Catarrh vio su oportunidad y se acercó. Empezó a bailar con Kathryn, llevándola paulatinamente hacia el corazón de los bajos. Kathryn se sentía arrastrada por la onda como en un alegre arrebato. Catarrh era un veterano soulero y sabía bailar house de verdad.

Juice Terry y Rab Birrell miraban desde la barra con consternación creciente, aunque Rab logró consolarse bastante merced al hecho de que Terry parecía aún más disgustado que él.

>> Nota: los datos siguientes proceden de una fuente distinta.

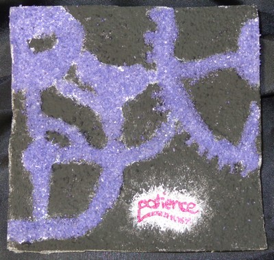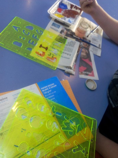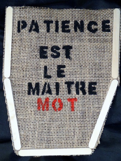 "J'ai choisi la simplicité : des couleurs simples. Pour moi, prendre le temps de faire les choses, c'est ne jamais abandonner. J'ai choisi deux gestes, l'écriture et le collage. Pour cela, j'ai utilisé le pochoir pour gagner du temps. Les lettres restent belles et simples."
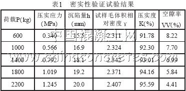 根據測定的靜力熱壓試樣的相對密度值, 將理論最大相對密度作為試驗用瀝青混合料的標準密度。對于密實性驗證試驗測定的沉陷量h及壓實度K和空隙率VV的計算結果, 如表1所示。
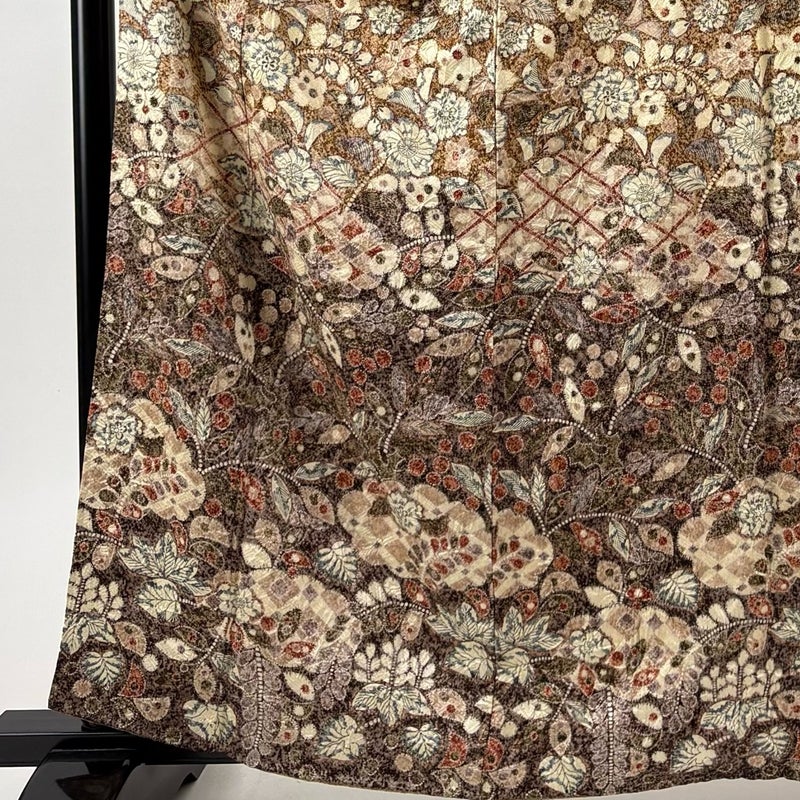 【着物ランク】秀品 【素材】正絹 【身丈】約162cm 【裄丈】約65cm 【袖丈】約48cm 【袖幅】約33.5cm 【前幅】約25cm 【後幅】約31.5cm 【サイズ】M 【着物仕立て】袷 【着用時期】10~5月 【状態ランク】ランクA 【着物着用シーン】披露宴、パーティー、お見合い、式典、茶会

Terry ya no podía soportarlo; decidió dirigirse a los servicios; quizá se metería una raya de coca. Últimamente ya no salía tanto, pero cuando lo hacía, prefería la coca a los éxtasis. De hecho, no sabía por qué se había metido una pastilla. Los

waters, sin embargo, estaban llenos de gente haciéndose rayas; era mejor guardar la coca para más tarde. De pie ante el urinario, Terry se sacó la polla y se pegó una larga meada de éxtasis, de esas que no parecían terminar nunca, incluso cuando ya has acabado.

Puesto que la sensación de estar meándose en los pantalones no le agradaba, y se veía obligado a comprobar de continuo que no se trataba más que de una ilusión, Terry trató de arreglarse el pelo y después salió. A la puerta de los servicios, había tres chicas arregladas a tope con indumentaria de club, hablando y fumando. Una de ellas en particular le parecía arrebatadora. Se lo había currado de verdad y a él siempre le habían gustado las chicas que hacían eso. Se acercó alegremente y dijo: «Estás preciosa, muñeca, hay que decirlo.»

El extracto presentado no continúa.